As I ascend, the ice crunches satisfactorily under my crampons.  Not always the pure white or clear that I’d originally envisaged, but multi-coloured and often dirty from the moraine debris.  With cryoconite patterns dotted here and there.  As the glacier nears the plateau, it’s steepened up over a rock step, so there are some small ice walls we can try our ice-climbing techniques out on. 

Now on the glacier itself, we head out to a line of ablation stakes, to measure how much melting there has been over a number of ice ridges and furrows.  The equipment is home-made and crude – a length of wood with a series of holes in it to mark the measurement points, a steel pin to slot through the hole and use as a depth gauge, and a builder’s level and tape to complete the set up.  Along with a notebook and pencil to jot the crucial measurements down.  Once that’s done, we wander across to our weather station to check it’s all ok.  Over the last few days, the boulder the instruments are on has showed distinct signs of sliding off its icy base.  The boulders on the surface look secure, but everything is inexorably moving, whether it’s the whole glacier, or ice cones protected under rocks.   The old charts need to be taken off the drums, new ones put on, clocks wound, and pens re-inked.  A tedious job at the best of times, but the hands have to be out of gloves and the glass nib has to be carefully recharged with ink that is really viscous at these temperatures.  But it’s either that, or we miss out on crucial information.

Weather Station, 1975

At last, our morning chores are completed, and we return to the tunnels for a late breakfast.  No surprises here – it’s porridge (nicely congealed), with a goodly dollop of Golden Syrup, all washed down with a mug of tea.  We can sit outside on the logs in the sun and enjoy the scenery, with distant glimpses of Zermatt, and the work progressing on the new cableway they are building up to the Kleine Matterhorn.

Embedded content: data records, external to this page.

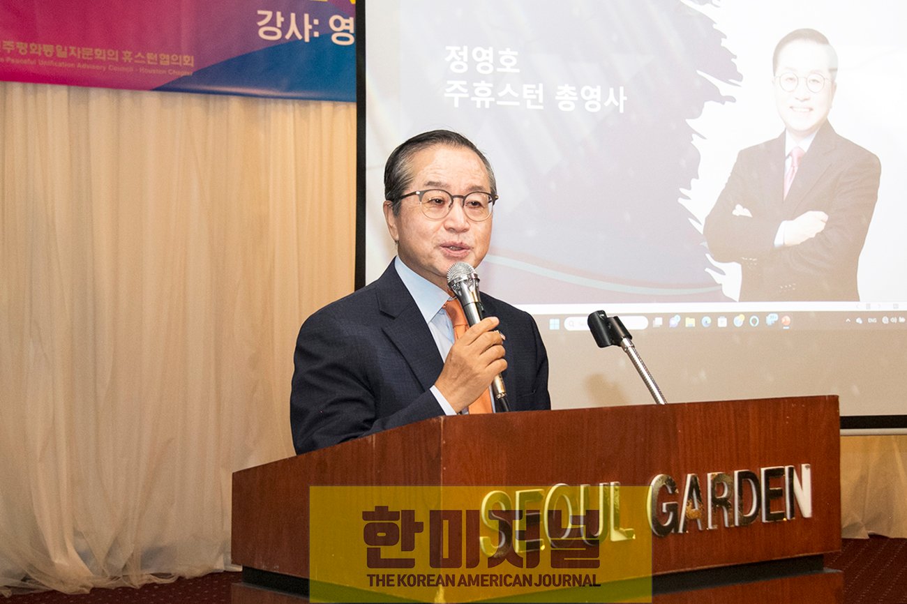 민주평화통일자문회의 휴스턴협의회(회장 박요한·이하 평통)가 18일(토) 서울가든에서 제23차 평화+통일 강연회를 개최했다. 평통의 이날 강연회는 주휴스턴대한민국총영사관의 정영호 총영사가 “윤석열 대통령의 ‘담대한 구상’과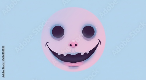 Fototapeta premium Cartoon Face with Large Eyes and Grinning Expression on Light Blue
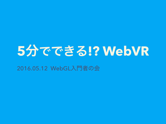 5ͰͰ͖Δ!? WebVR 2016.05.12 WebGLೖऀͷձ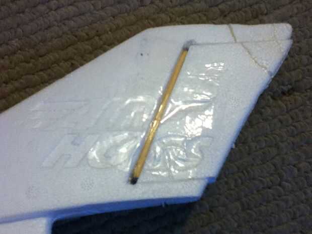 Corte un pedazo de pincho de barbacoa sólo el tiempo suficiente para caber dentro de la abertura en el estabilizador trasero y cinta en firmemente. Ahora puede repetir los pasos utilizados en la instalación del ascensor. Usted debe dejarse con un timón que puede mover izquierda y derecha sin obstrucción.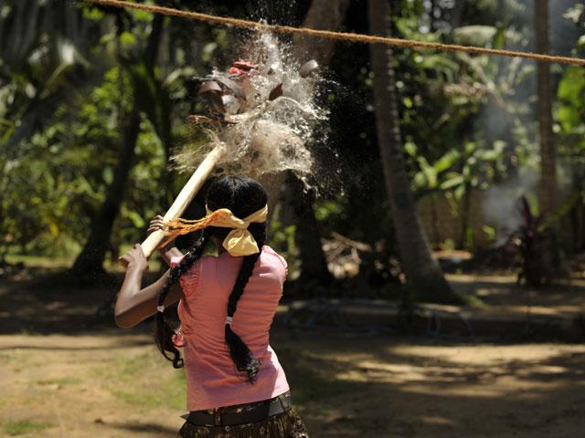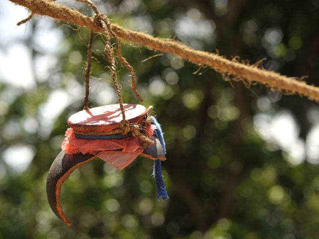 Großes Lachen und viel Freude erzeugte ein mir bisher unbekanntes Spiel. Mehrere Tonkrüge, mit unterschiedlichen Flüssigkeiten gefüllt, hingen an einem, zwischen zwei Palmen gespanntem Seil, ungefähr auf Augenhöhe herab. Mit verbundenen Augen, einem Stock in der Hand sowie eine durch voriges Drehen entstandene Orientierungslosigkeit hatte man die Aufgabe, sich gefühlsmäßig möglichst nah den Tonkrügen zu nähern. Ziel war es, dort einen der Tonkrüge kaputt zu hauen. Auf der einen Seite stand die teilweise völlige Ahnungslosigkeit und Orientierungslosigkeit der blinden Spielerin und auf der anderen Seite die Gespanntheit und Aufregung der anfeuernden Zuschauern, falls sich die Spielerin gekonnt den Krügen näherte. Beide Anlässe sorgten für eine überragende Stimmung und erzielten große Begeisterung bei den Festteilnehmern. Ich selbst lernte beim Erproben meiner Orientierung und Zielgenauigkeit die Schwierigkeit dieses Spiels kennen. Ich entwickelte großen Respekt davor, dass die Tonkrüge nicht nur korrekt und zielstrebend anvisiert, sondern zwei Mal sogar getroffen wurden. Bei aller Aufregung sprang dabei dann auch noch eine Kröte aus dem zerbrochenen Krug. Ich habe das, ohne nachzufragen, einfach mal als traditionelle Überraschung angesehen…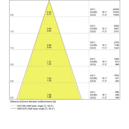 De lichtopbrengst en de gradenbundel spelen een grote rol. Zo geeft de lichtopbrengst van 2700 Lumen in combinatie met de 38° stralingshoek deze inbouwspot een specifieke toepassing. Kort samengevat is een lichtintensiteit van maximaal 400 Lumen ideaal voor accentverlichting, terwijl hogere waardes goed gebruikt kunnen worden als basisverlichting. Over het algemeen geldt: hoe breder de gradenbundel, hoe geschikter deze is door basisverlichting. Dit komt doordat het licht over een groter oppervlak wordt verspreid. Smallere gradenbundels (tot 40°) kunnen echter bij hoge plafonds ook goed tot hun recht komen als algemene verlichting.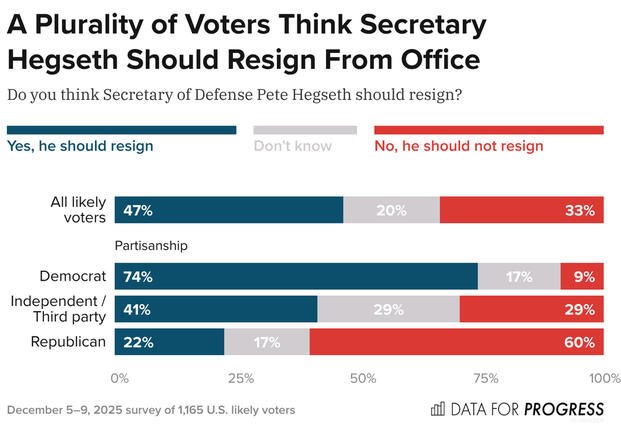 A new poll shows a plurality of voters across nearly all demographics disagreeing with the Trump administration’s foreign policy strategy against Venezuela, as a majority of respondents said they want Defense Secretary Pete Hegseth to resign.

We can take the rest of the morning easy, and for Neil hair washing is the priority.  One disadvantage of those longer 1970’s hair styles.  With water heated on the hotplate and bucket at the ready, the terrace outside of the tunnels doubles as the hair salon.  As the weather is decent, spare clothes are brought out for similar bucket treatment, with the nearby boulders doubling as handy drying devices.  It’s only when you clean your clothes or have a top to toe wash yourself do you realise how much the smell can build up in clothing, and it’s not nice!  The morning break also gives us chance to give our equipment the once over, and one of Mervyn’s crampons is showing signs of distress at the join.  Ever the resourceful type, he makes use of the handles of one of our tin openers to fashion a replacement, and they’re back, good as new.

Lunch time, and the delights of Healthy Life biscuits, with sild – at least it’s the tomato sauce and not the oil version, with half a Mars bar to round it all off.  And it will be the same on most days, apart from occasional forays down into Zermatt to the Migros and scavenging from the half abandoned tourist meals, or a pint in the Walliser Kanne.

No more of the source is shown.